SECTION 7.Contractual Nature of Rights.

(a)The provisions of this Article V shall be deemed to be a contract between the Corporation and each Director and Officer entitled to the benefits hereof at any time while this Article V is in effect, in consideration of such person’s past or current and any future performance of services for the Corporation. Neither amendment, repeal or modification of any provision of this Article V nor the adoption of any provision of the Certificate inconsistent with this Article V shall eliminate or reduce any right conferred by this Article V in respect of any act or omission occurring, or any cause of action or claim that accrues or arises or any state of facts existing, at the time of or before such amendment, repeal, modification or adoption of an inconsistent provision (even in the case of a proceeding based on such a state of facts that is commenced after such time), and all rights to indemnification and advancement of Expenses granted herein or arising out of any act or omission shall vest at the time of the act or omission in question, regardless of when or if any proceeding with respect to such act or omission is commenced. The rights to indemnification and to advancement of expenses provided by, or granted pursuant to, this Article V shall continue notwithstanding that the person has ceased to be a director or officer of the Corporation and shall inure to the benefit of the estate, heirs, executors, administrators, legatees and distributes of such person.

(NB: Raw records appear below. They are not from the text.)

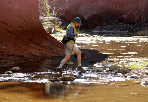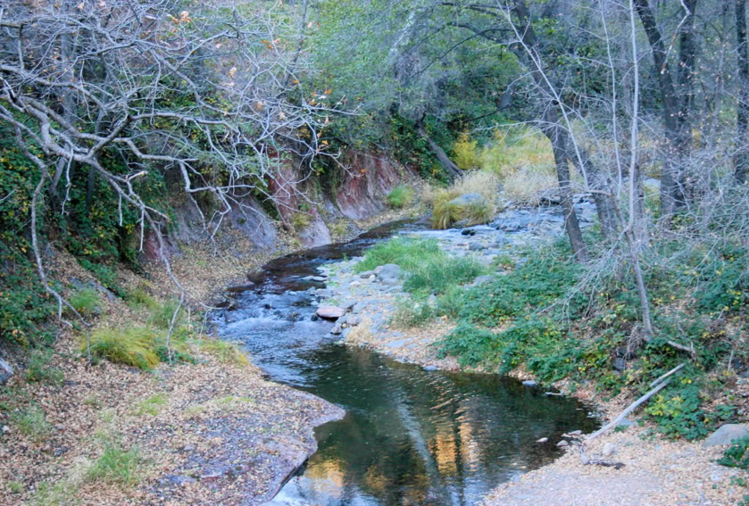 The canyon walls loom overhead giving a warm feeling. The creek winds back and forth, opens up, narrows, deep pools, shallow pools, tiny cascades you name it. Oak Creek is awesome.
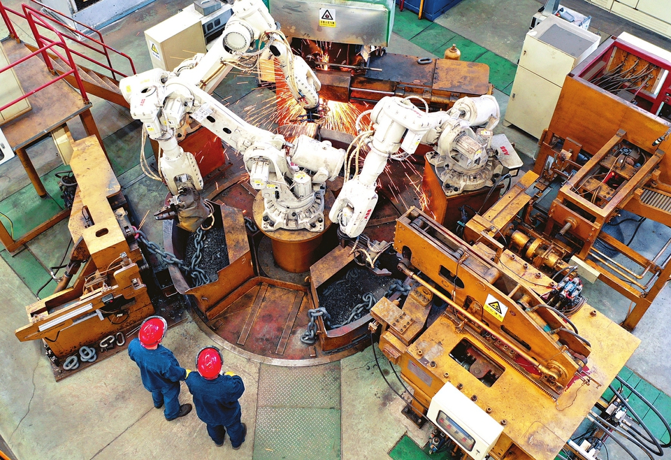 5月5日,在晉能控股裝備製造集團華越華茂公司生產(chan) 車間,國內(nei) 首套國產(chan) 化礦用高強度圓環鏈全自動製鏈機組正在作業(ye) 中。近年來,該公司不斷提升裝備能力,其生產(chan) 的礦用高強度圓環鏈、緊湊鏈及各類工業(ye) 用鏈條,工藝達到國內(nei) 領先水平。(記者劉通攝)
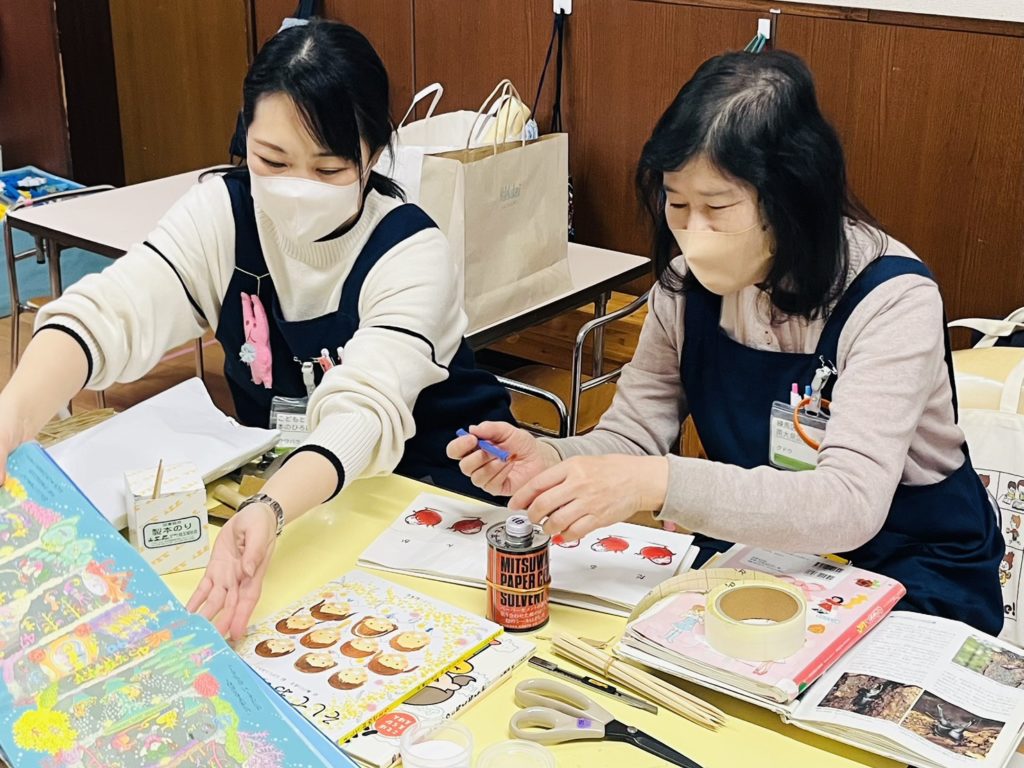 ただ絵本を置いている場所ではなく、「子どもと本の広場・南大泉図書館」の職員の方々にお越しいただき、絵本の取り扱いや補修方法を講習していただきました。
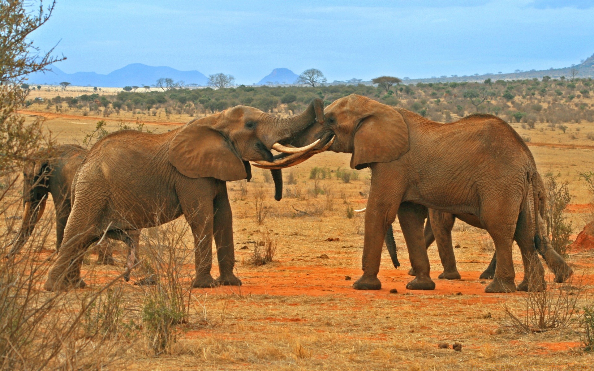 Yaklaşan bir fırtına sırasında savanadaki fil ailesi
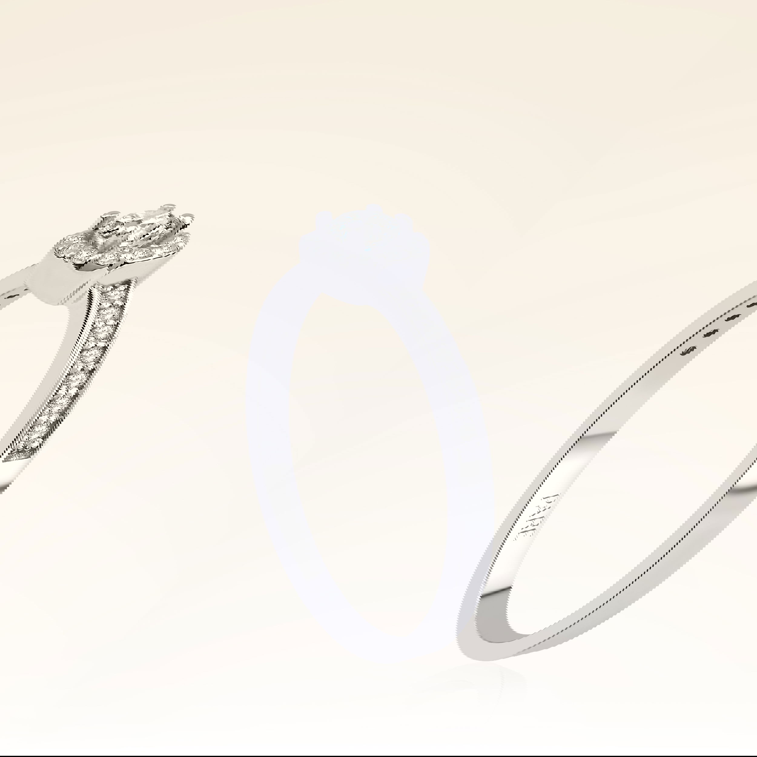 Üründe G renk SI berraklığında yuvarlak kesim pırlanta taşlar kullanılmaktadır. Parlaklığı ve netliğiyle dikkat çeken bu taşlar, zarif bir görünüm sunar. Altın ağırlığı, seçilen yüzük ölçüsüne göre farklılık gösterebilir.

(b)If outstanding Optionsa claim for indemnification hereunder by a Director or Officer is not paid in full by the Corporation within sixty (60) days after receipt by the Corporation of a written claim for indemnification, such Director or Officer may at any time thereafter bring suit against the Corporation to recover the unpaid amount of the claim, and if successful in whole or in part, such Director or Officer shall also be entitled to be paid the expenses of prosecuting such claim. The failure of the Corporation (including its Board of Directors or any committee thereof, independent legal counsel, or stockholders) to make a determination concerning the permissibility of such indemnification under this Article V shall not be a defense to an action brought by a Director or Officer for recovery of the unpaid amount of an indemnification claim and shall not create a presumption that such indemnification is not permissible. The burden of proving that a Director or Officer is not entitled to indemnification shall be on the Corporation.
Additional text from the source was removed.